After World War II ended, Turner was able to move further away from the “Sweater Girl” moniker she hated. She gave one of her most respected performances as a cold-blooded adulteress in The Postman Always Rings Twice in 1946. After appearing in various other films, including Green Dolphin Street (1947), The Three Musketeers (1948), and The Bad and the Beautiful (1952), Turner took a risky move and left MGM, preferring to go out on her own. The move paid off, and in 1958 Turner garnered an Academy Award nomination for Best Actress for her role in Peyton Place.
Throughout her career, Turner’s tempestuous personal life threatened to overshadow her professional triumphs. Her first marriage, at age 20, to the bandleader Artie Shaw, lasted less than six months. She married Stephen Crane, a businessman, in 1942, only to find out that his divorce from his first wife was not yet legal. They married again (this time legally) in 1943, then divorced a year later, after Turner gave birth to a daughter, Cheryl. In 1948, Turner married the multimillionaire Bob Topping, but divorced him in 1951. She divorced her fourth husband, Lex Barker, the onetime star of the Tarzan movies, in 1957, after she learned that he had sexually abused the young Cheryl. She had three more unsuccessful marriages—to rancher Fred May, businessman Robert Eaton, and nightclub hypnotist Ronald Dante—and was rumored to have many more lovers, including such luminaries as Frank Sinatra, Richard Burton, Howard Hughes, Fernando Lamas, Dean Martin, Kirk Douglas, and Tyrone Power.
On June 4, 1958, police were called to Turner’s Beverly Hills home to find the actress’s lover, Johnny Stompanato, a minor Los Angeles hood and an associate of the notorious gangster, Mickey Cohen, dead of a stab wound that had punctured his kidney and aorta. Turner’s 14-year-old daughter, Cheryl Crane, had stabbed Stompanato after overhearing him threatening to kill her mother during a domestic dispute. A judge ruled that the incident constituted justifiable homicide, but Cheryl was sent to live with her maternal grandmother. The scandalous publicity failed to break Turner’s professional momentum; ironically, her biggest hit came in 1959 with Imitation of Life, in which she played an ambitious actress who sacrifices her daughter’s affection for the sake of her career. She had another success in 1966, with Madame X.

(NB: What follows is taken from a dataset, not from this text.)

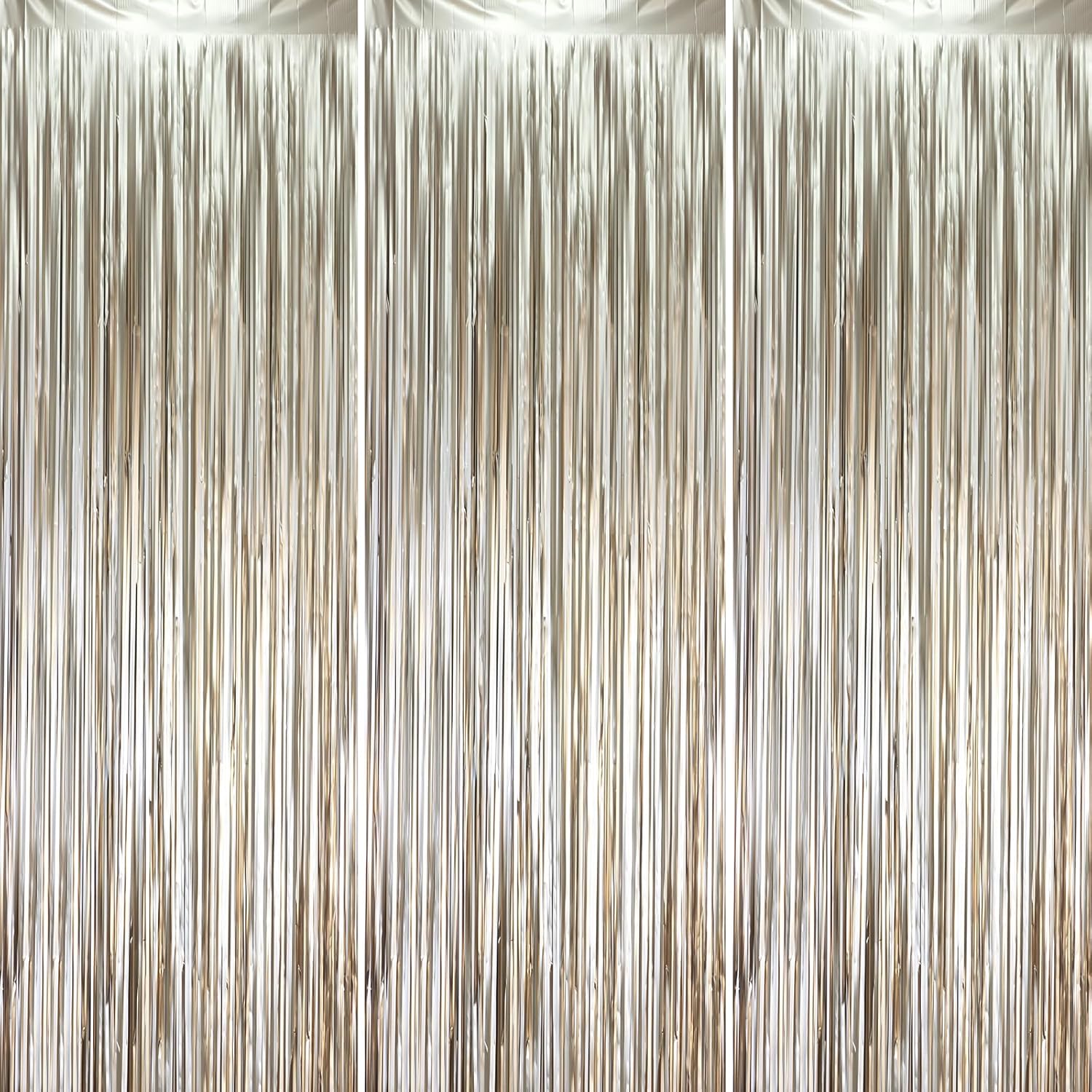 3 Pack 3.3 x 8.2 ft Matte Champagne Foil Fringe Backdrop Curtains, Gold Tinsel Streamers Party Decorations, Fringe Backdrop, Door Shimmer for Graduation, New Years Eve, Birthday Party
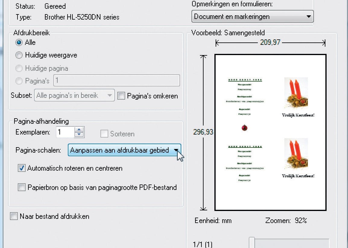 Om de kaart af te drukken klikt u in het menu File op Print en na even wachten verschijnt het vertrouwde Windows-afdrukvenster. Mocht het geheel om de een of andere reden niet helemaal passen (dat is in het voorbeeldje al te zien), selecteer dan in de sectie Pagina-afhandeling achter Pagina-schalen de optie Aanpassen aan afdrukbaar gebied. Druk de menukaarten bij voorkeur af op wat dikker papier, vouw de zaak dubbel en zet de kaarten - al dan niet voorzien van een vrolijk lint - op de (kerst)tafel.

In the years that followed, however, Turner seemed to have been relegated to second-tier films and television productions. In the 1970s, she toured with several stage productions, and in 1982 she began appearing on the hit TV series, Falcon Crest, opposite Jane Wyman. She published her autobiography, Lana: The Lady, The Legend, The Truth, in 1982. A year later, Turner officially retired from acting.
In 1981, Turner reconciled with her daughter Cheryl, who overcame continuing emotional problems (including a 10-month stay in a mental hospital at age 17) to become a successful businesswoman. Turner lived quietly and stayed out of the public eye until 1992, when rumors began to spread that the actress, a longtime heavy smoker, was undergoing treatment for throat cancer. On June 29, at age 75, Turner died at her home in Century City, Los Angeles, with her daughter at her side.